● **Exercise objective**
Each record below should be reproduced as it is written, with pictures left out entirely.

● **Records for processing**
########
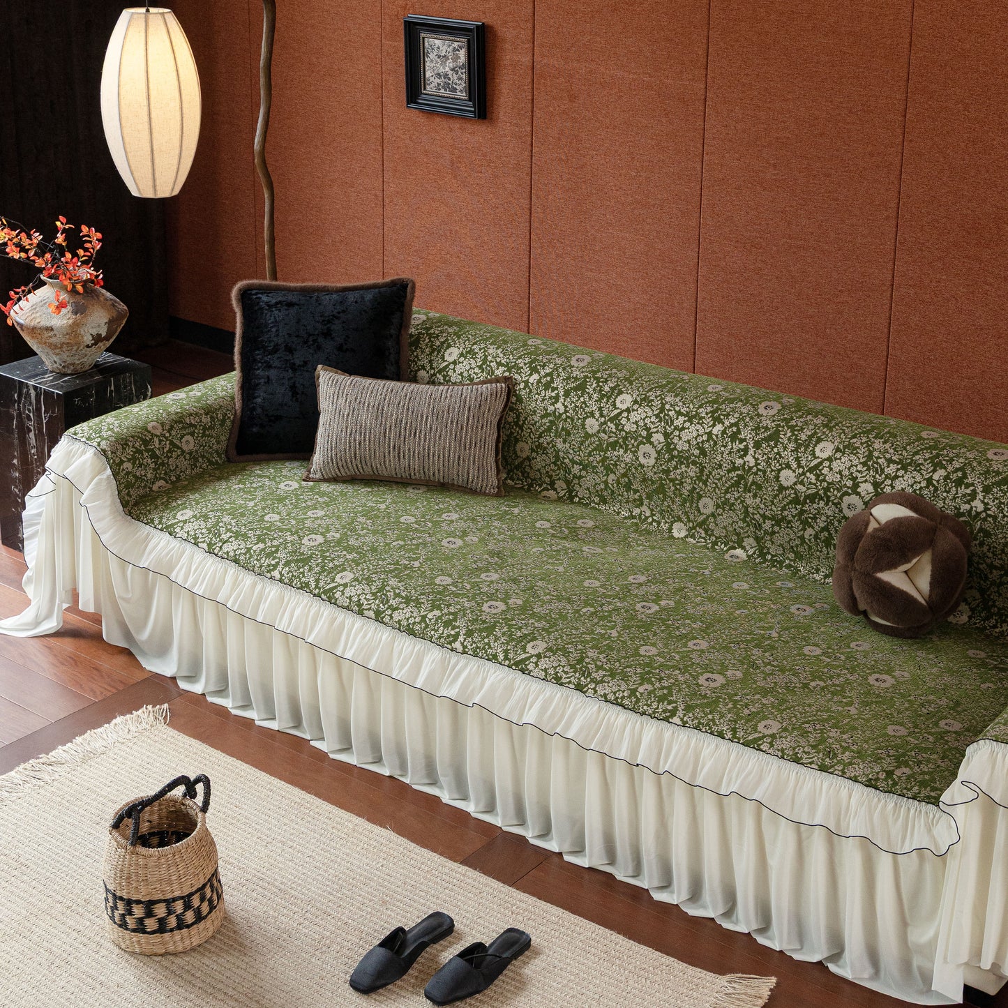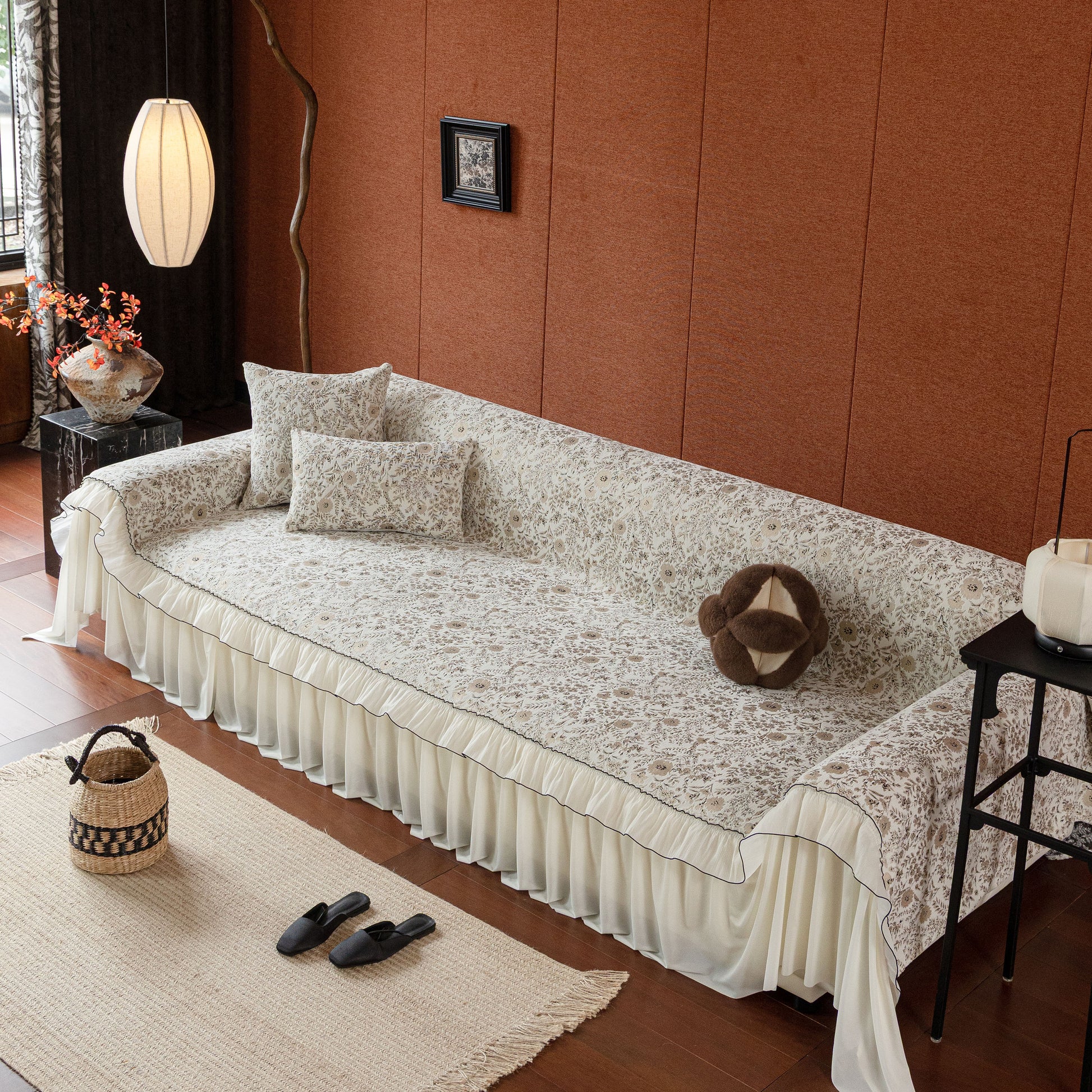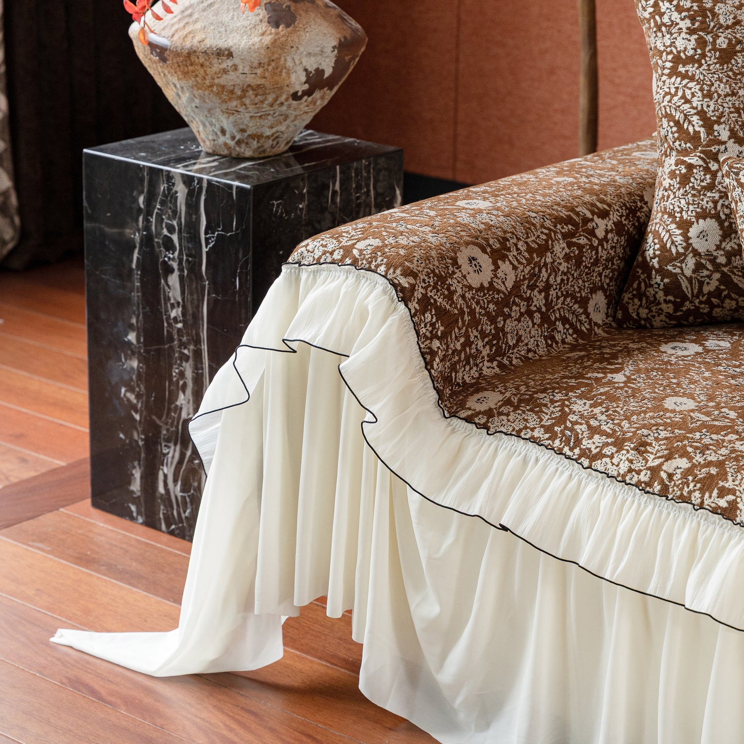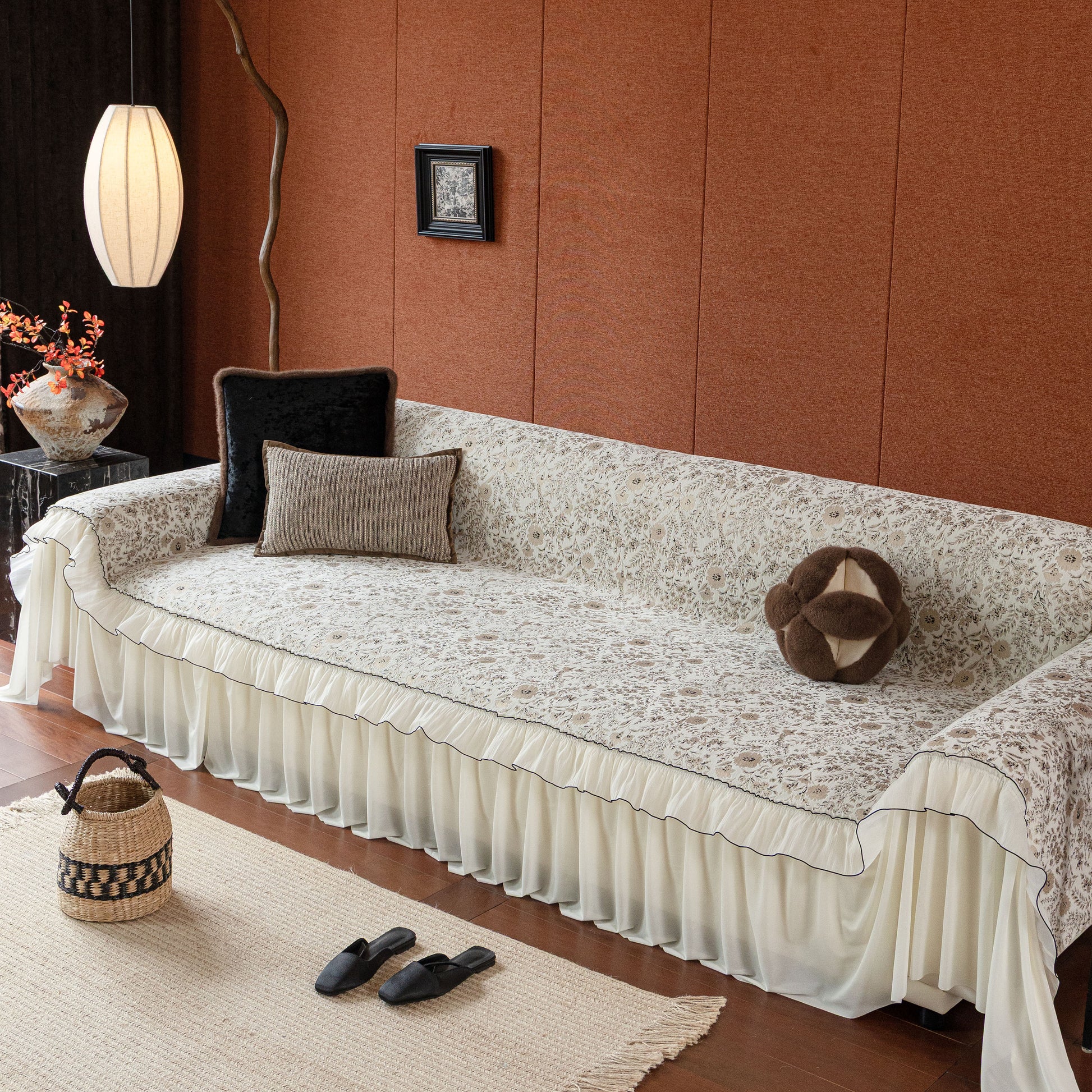 Il copridivano floreale in stile country francese con gonna in chiffon arricciata è un getto decorativo e funzionale progettato per migliorare l'aspetto del tuo soggiorno mentre fornisce una protezione pratica per il divano. La superficie superiore presenta un denso motivo floreale tessuto a jacquard che evoca estetiche europee vintage. Il bordo inferiore è rifinito con una gonna in chiffon arricciata a lunghezza intera, delicatamente cucita con bordi a contrasto, aggiungendo texture e morbidezza visiva al pezzo.
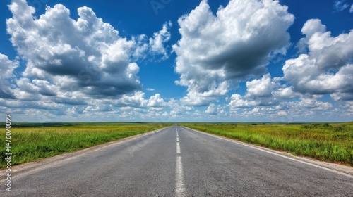 © Aether Pixels, Fototapeta premium Asphalt Road Stretching to Horizon Under Blue Sky with Clouds Eye Level Perspective in Rural Landscape
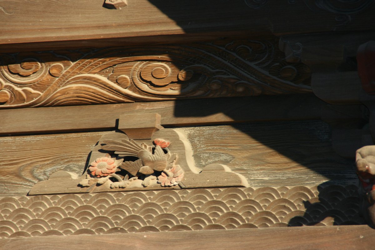 江戸時代のものと言われていますし、この本殿がオリジナルと聞いていますので、数百年経った彫り物ですね。風雨に晒されている割には、色も形もはっきり残っており素晴らしいです。
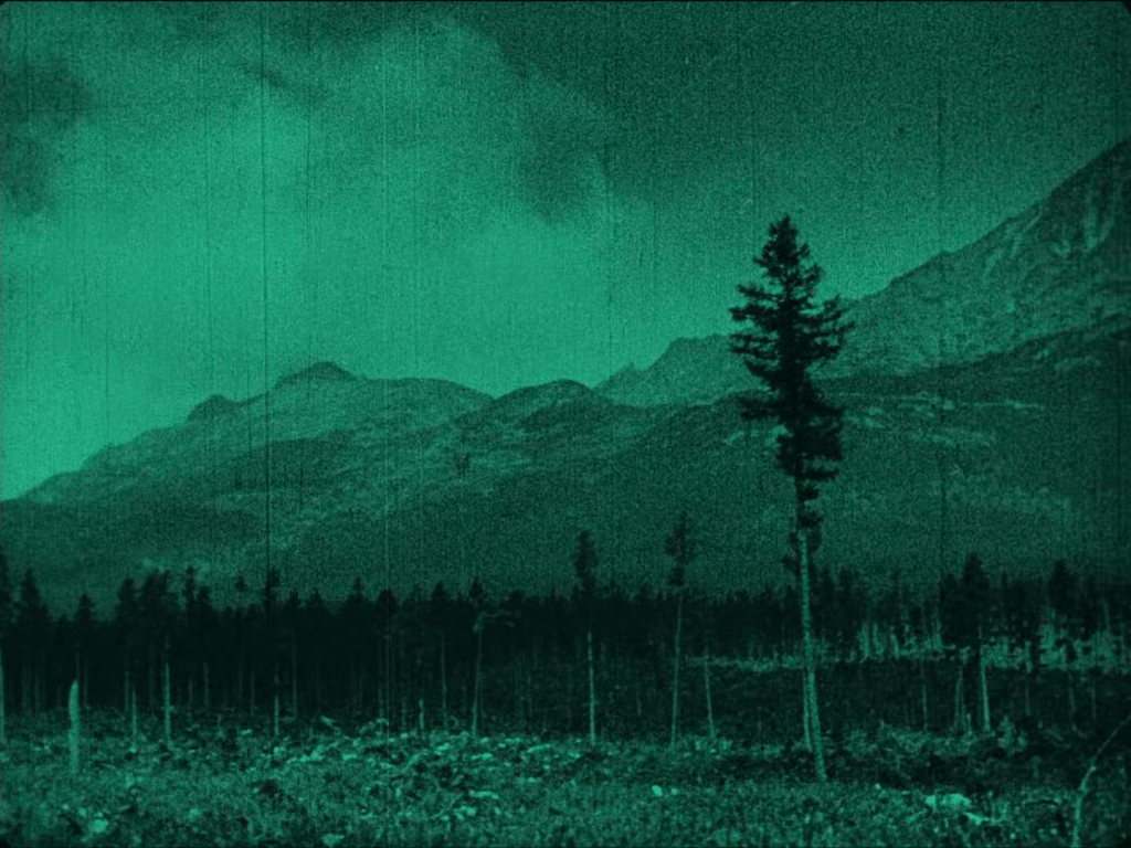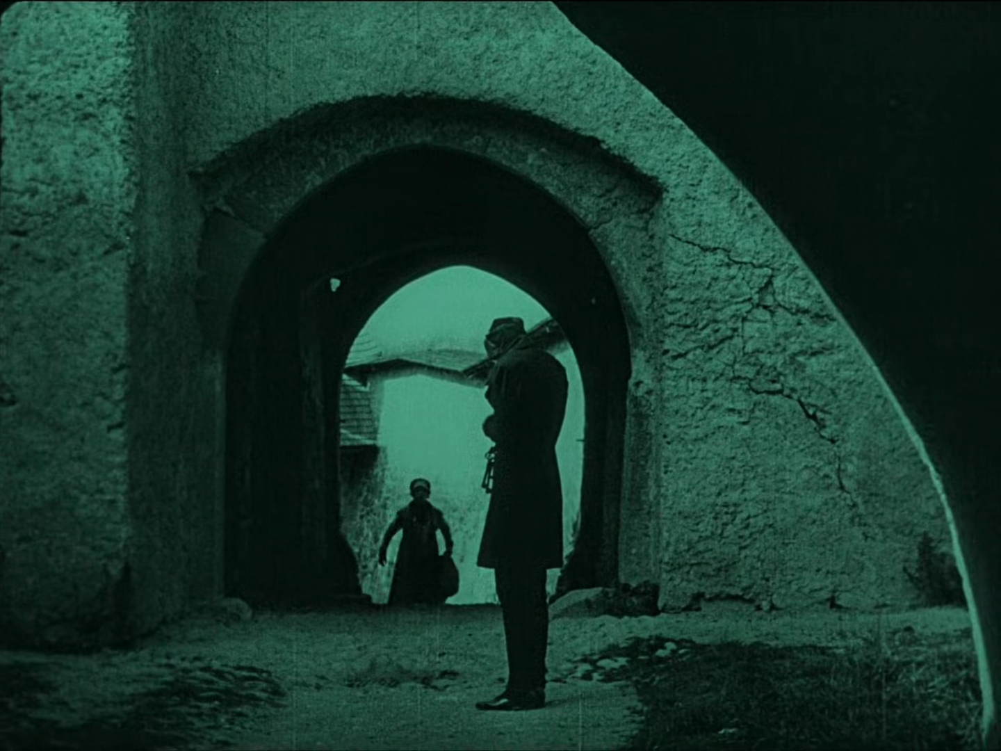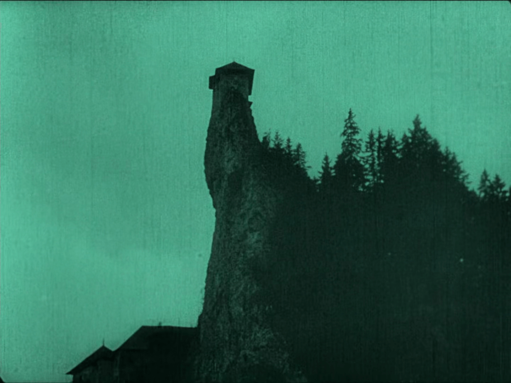 … qui contrastent avec l’inquiétante campagne qui entoure le château du comte Orlock, filmé dans le massif des Tatras entre la Slovaquie et la Pologne. Le film est teinté de couleurs unies, soit pour distinguer des moments de la journée (sépia ou rose pour le jour ; vert ou bleuté pour la nuit), ou comme ci-dessus pour montrer les ambiances (sépia pour illustrer l’insouciance et le bien-être ; vert-froid pour l’angoisse, l’appréhension). Pour Murnau, « les paysages sont des états de l’âme ».
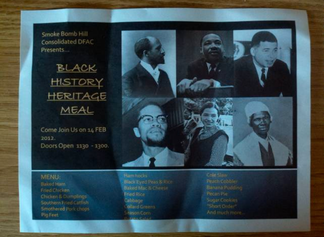 A tipster forwards us this "Black History Heritage Meal" menu from the US Army base in Ft. Bragg, NC: fried chicken, pig feet, ham hocks, collard greens... all the stereotypical foods are represented. The ol' "comedically stereotypical Black History Month menu" is a pretty damn familiar trope of its own, at this point. I'm more impressed by the US Army's open-minded photo montage.
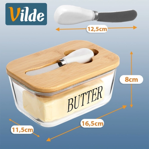 Volum 650 ml, dimensiuni 16,5 × 11,5 × 8 cm. Partea din sticlă este potrivită pentru mașina de spălat vase și pentru cuptorul cu microunde, pentru încălzirea rapidă a untului.
########
● **Written response**
 Il copridivano floreale in stile country francese con gonna in chiffon arricciata è un getto decorativo e funzionale progettato per migliorare l'aspetto del tuo soggiorno mentre fornisce una protezione pratica per il divano. La superficie superiore presenta un denso motivo floreale tessuto a jacquard che evoca estetiche europee vintage. Il bordo inferiore è rifinito con una gonna in chiffon arricciata a lunghezza intera, delicatamente cucita con bordi a contrasto, aggiungendo texture e morbidezza visiva al pezzo.
 © Aether Pixels, Fototapeta premium Asphalt Road Stretching to Horizon Under Blue Sky with Clouds Eye Level Perspective in Rural Landscape
 江戸時代のものと言われていますし、この本殿がオリジナルと聞いていますので、数百年経った彫り物ですね。風雨に晒されている割には、色も形もはっきり残っており素晴らしいです。
 … qui contrastent avec l’inquiétante campagne qui entoure le château du comte Orlock, filmé dans le massif des Tatras entre la Slovaquie et la Pologne. Le film est teinté de couleurs unies, soit pour distinguer des moments de la journée (sépia ou rose pour le jour ; vert ou bleuté pour la nuit), ou comme ci-dessus pour montrer les ambiances (sépia pour illustrer l’insouciance et le bien-être ; vert-froid pour l’angoisse, l’appréhension). Pour Murnau, « les paysages sont des états de l’âme ».
 A tipster forwards us this "Black History Heritage Meal" menu from the US Army base in Ft. Bragg, NC: fried chicken, pig feet, ham hocks, collard greens... all the stereotypical foods are represented. The ol' "comedically stereotypical Black History Month menu" is a pretty damn familiar trope of its own, at this point. I'm more impressed by the US Army's open-minded photo montage.
 Volum 650 ml, dimensiuni 16,5 × 11,5 × 8 cm. Partea din sticlă este potrivită pentru mașina de spălat vase și pentru cuptorul cu microunde, pentru încălzirea rapidă a untului.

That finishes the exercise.